** Task instructions **
Please repeat exactly the lines below from the line with "This document summarizes" to the line with "Soudruh předseda Kim", including both, and leave out every picture.
── Material provided
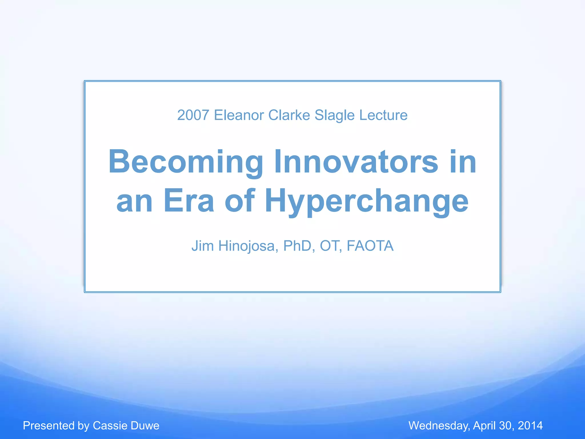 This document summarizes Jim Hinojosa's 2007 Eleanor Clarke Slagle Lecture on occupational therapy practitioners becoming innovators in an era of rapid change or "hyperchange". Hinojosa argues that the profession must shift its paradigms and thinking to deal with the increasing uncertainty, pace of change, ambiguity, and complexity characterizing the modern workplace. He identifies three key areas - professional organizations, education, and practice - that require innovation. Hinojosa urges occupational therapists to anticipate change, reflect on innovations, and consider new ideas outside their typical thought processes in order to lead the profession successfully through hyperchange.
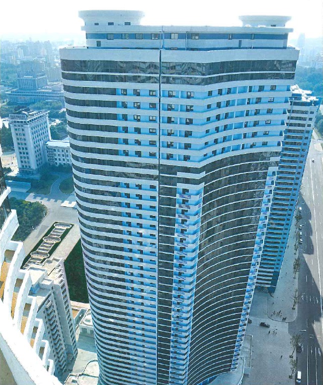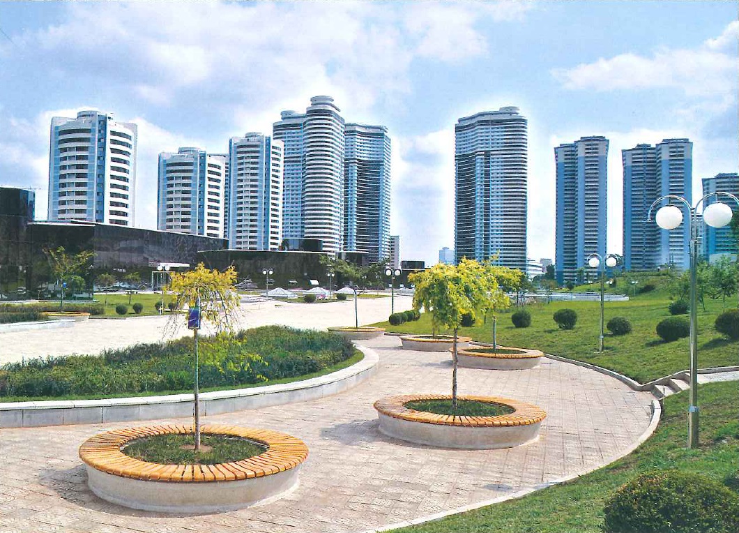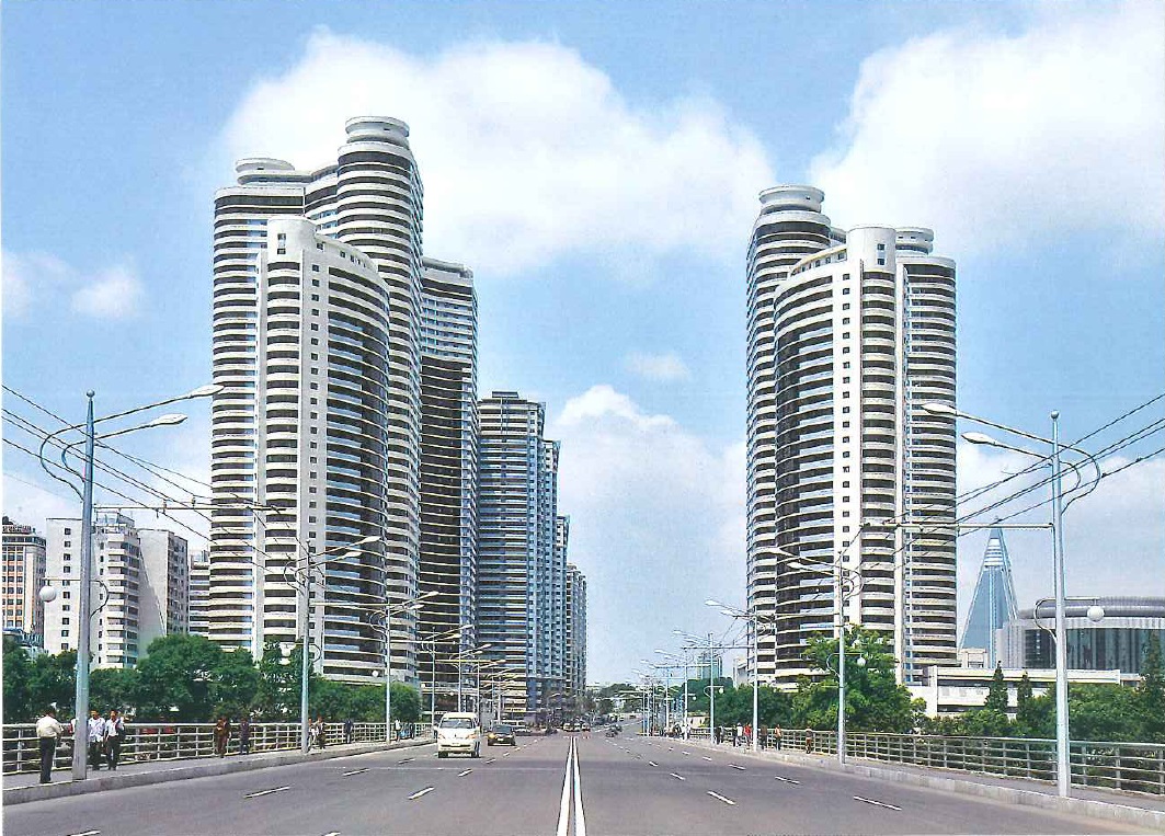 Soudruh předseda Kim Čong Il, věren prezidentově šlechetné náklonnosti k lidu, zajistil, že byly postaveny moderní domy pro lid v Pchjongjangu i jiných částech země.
────
── Material provided
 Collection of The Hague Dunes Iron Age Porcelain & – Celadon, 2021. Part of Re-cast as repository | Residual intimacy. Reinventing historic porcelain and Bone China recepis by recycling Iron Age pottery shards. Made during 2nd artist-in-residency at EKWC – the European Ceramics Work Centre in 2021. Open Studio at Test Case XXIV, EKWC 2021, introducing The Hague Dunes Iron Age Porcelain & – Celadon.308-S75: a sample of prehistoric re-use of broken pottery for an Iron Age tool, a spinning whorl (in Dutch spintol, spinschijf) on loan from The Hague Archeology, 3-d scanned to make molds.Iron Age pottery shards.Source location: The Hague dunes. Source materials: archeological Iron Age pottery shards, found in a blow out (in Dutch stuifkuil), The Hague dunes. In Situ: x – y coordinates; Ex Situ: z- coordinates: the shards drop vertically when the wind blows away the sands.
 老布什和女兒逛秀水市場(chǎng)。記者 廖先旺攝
────
** Written solution **
 This document summarizes Jim Hinojosa's 2007 Eleanor Clarke Slagle Lecture on occupational therapy practitioners becoming innovators in an era of rapid change or "hyperchange". Hinojosa argues that the profession must shift its paradigms and thinking to deal with the increasing uncertainty, pace of change, ambiguity, and complexity characterizing the modern workplace. He identifies three key areas - professional organizations, education, and practice - that require innovation. Hinojosa urges occupational therapists to anticipate change, reflect on innovations, and consider new ideas outside their typical thought processes in order to lead the profession successfully through hyperchange.
 Soudruh předseda Kim Čong Il, věren prezidentově šlechetné náklonnosti k lidu, zajistil, že byly postaveny moderní domy pro lid v Pchjongjangu i jiných částech země.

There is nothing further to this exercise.